To partly answer your followup questions...
No - the html content of the page is not changing (no username, date, or other variations). When I load the page twice into IE, "view source", and save as text file, the two text files have identical size. The two log entries show a different number of bytes.
So I get the size variations for my own requests - but the most extreme variations I've seen come when Googlebot requests the same page twice. Does that help in understanding the issue?
Will the output buffering approach capture more than just the page html? I think I'll give it a try, anyway - thanks for the suggestion.
No - the html content of the page is not changing (no username, date, or other variations). When I load the page twice into IE, "view source", and save as text file, the two text files have identical size. The two log entries show a different number of bytes.
So I get the size variations for my own requests - but the most extreme variations I've seen come when Googlebot requests the same page twice. Does that help in understanding the issue?
Will the output buffering approach capture more than just the page html? I think I'll give it a try, anyway - thanks for the suggestion.
no it will only capture the html
if using php5, i know how to get the headers, but not on php4.....
what you could do, is use a local script to request the page in question from your site, and spoof the diff useragents that google is using(since you know its casuing diff page sizes)
if you do that, getting the headers is a snap(and works in php4)
oh and small size variations could easily be due to setting cookies
if using php5, i know how to get the headers, but not on php4.....
what you could do, is use a local script to request the page in question from your site, and spoof the diff useragents that google is using(since you know its casuing diff page sizes)
if you do that, getting the headers is a snap(and works in php4)
Code: Select all
<?php
$ua = 'googles uagent from your log file'; // make sure you run the script for each of the diff ua's google uses
// google sometimes requests the same page more than once, and pretends to be a diff browser, to see if your sniffing for google trying to feed it keywords
ini_set('user_agent', $ua);
$url = 'http://example.org'; // your page in question
$fp = fopen($url, 'r');
$meta_data = stream_get_meta_data($fp);
echo '<pre>';
print_r($meta_data);
?>
Last edited by rehfeld on Tue Nov 02, 2004 8:01 pm, edited 2 times in total.
-
RobBroekhuis
- Forum Newbie
- Posts: 5
- Joined: Tue Nov 02, 2004 6:32 am
- Location: Allentown, PA, USA
Rehfeld,
I implemented the output buffering (by the way, the echo statement at the end is not necessary - php will clear its buffer when it runs its course).
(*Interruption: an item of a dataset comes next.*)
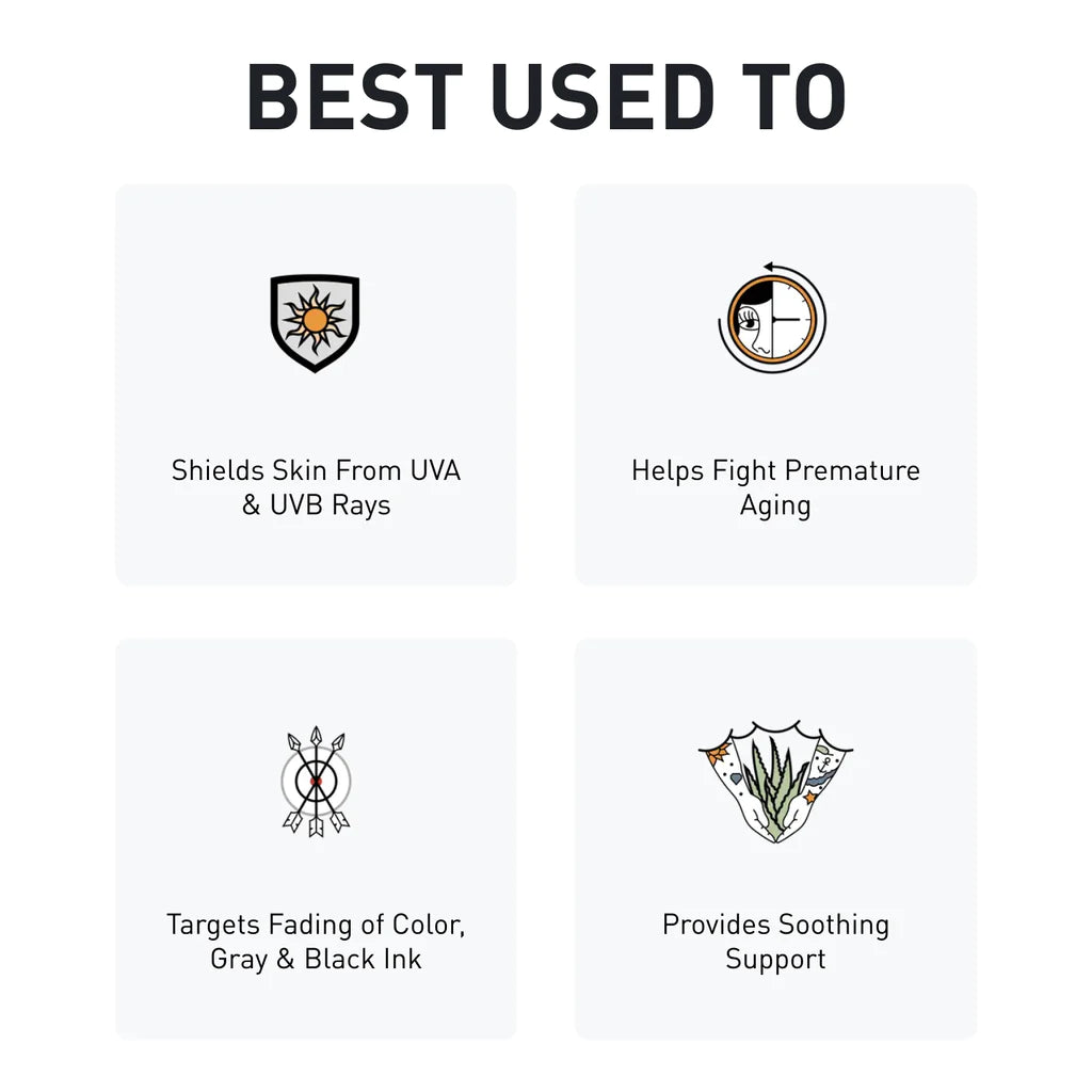 Our natural and moisturizing broad-spectrum sunscreen is SPF 30 and creates an invisible shield against environmental damage - including UVA/UVB rays, stressors like pollution and free-radicals, which result in discoloration, fading of tattoo ink pigment, and premature aging.
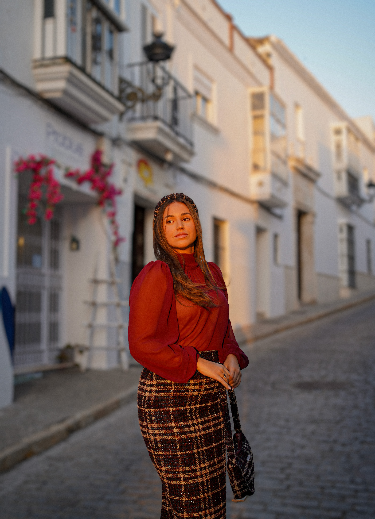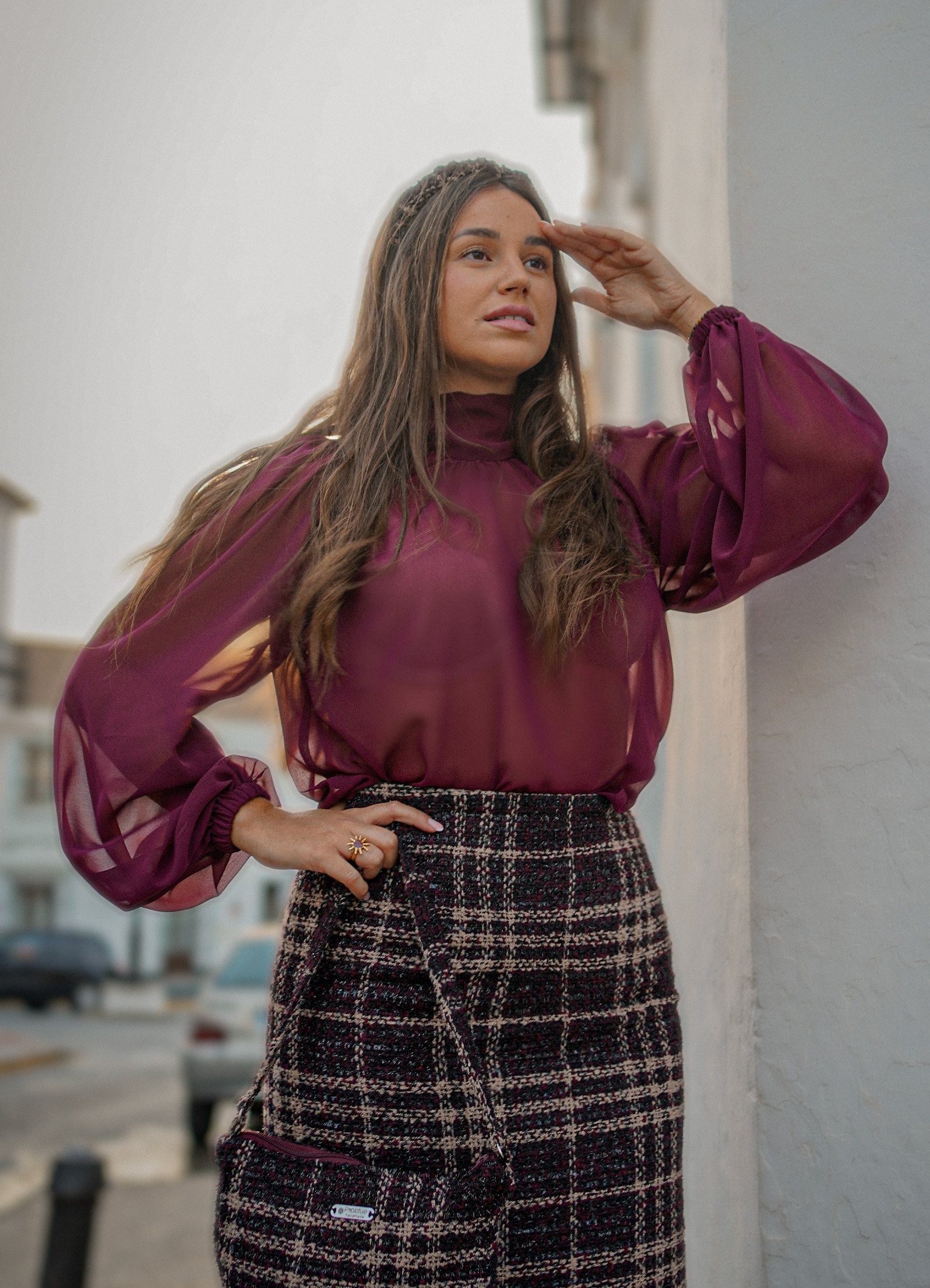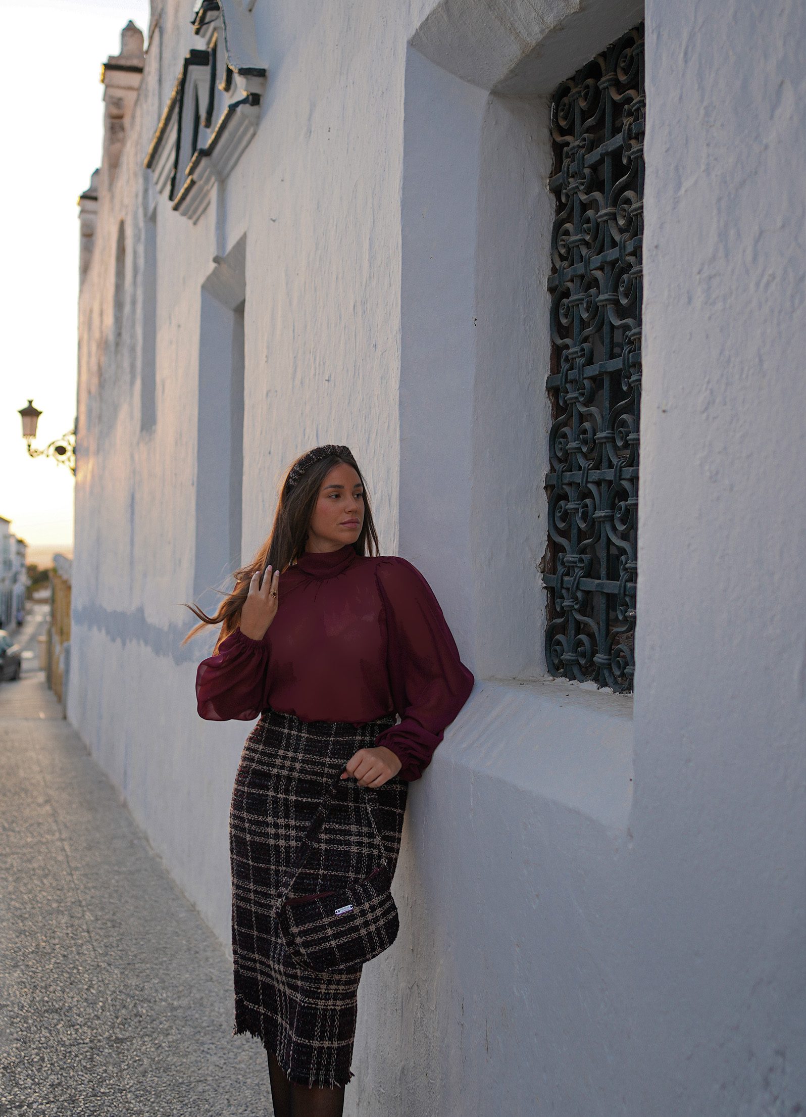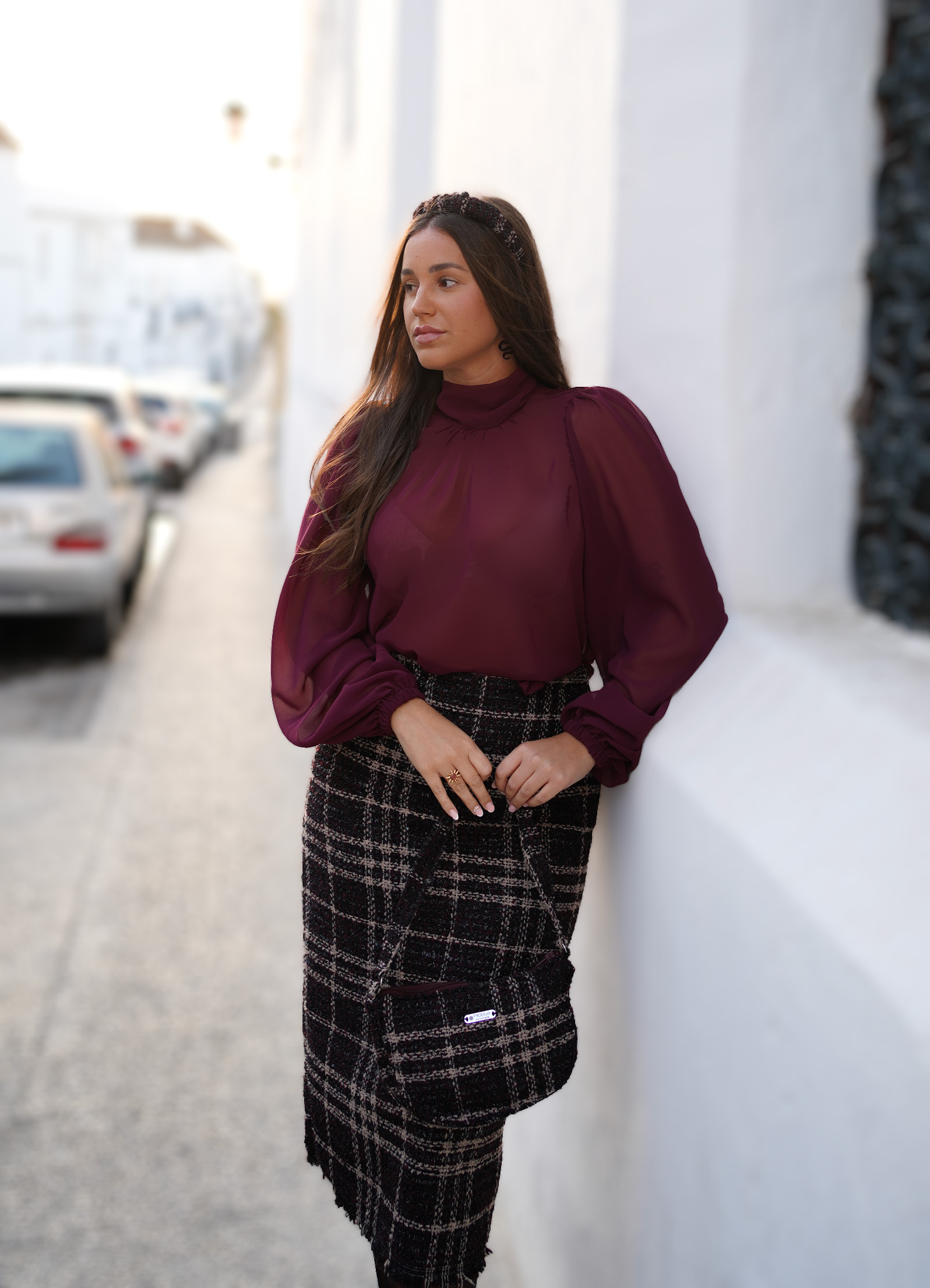 Confeccionada en un tejido tweed de altísima calidad, su textura con sutiles destellos eleva cualquier look. El diseño incorpora detalles en berenjena y beige, que contrastan delicadamente sobre la base negra con brillo, creando una falda única y con presencia.

With very curious results: with the output buffering in place, I no longer get varying load sizes - they are all exactly the same, at the low end of the previously noted range. The sizes of the files written are also all the same (a few bytes smaller than the load size), and the "view source" saved version is somewhat larger (I suspect because CRs are converted to CRLFs). So the buffering suppresses the number of "extra bytes" sent. I wonder if, during processing, php or Apache sends "keep-alive" protocol bytes to let the client's browser know it's still working? Just a random guess...
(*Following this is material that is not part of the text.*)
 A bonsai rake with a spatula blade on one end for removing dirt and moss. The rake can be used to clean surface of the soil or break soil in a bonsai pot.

I implemented the output buffering (by the way, the echo statement at the end is not necessary - php will clear its buffer when it runs its course). With very curious results: with the output buffering in place, I no longer get varying load sizes - they are all exactly the same, at the low end of the previously noted range. The sizes of the files written are also all the same (a few bytes smaller than the load size), and the "view source" saved version is somewhat larger (I suspect because CRs are converted to CRLFs). So the buffering suppresses the number of "extra bytes" sent. I wonder if, during processing, php or Apache sends "keep-alive" protocol bytes to let the client's browser know it's still working? Just a random guess...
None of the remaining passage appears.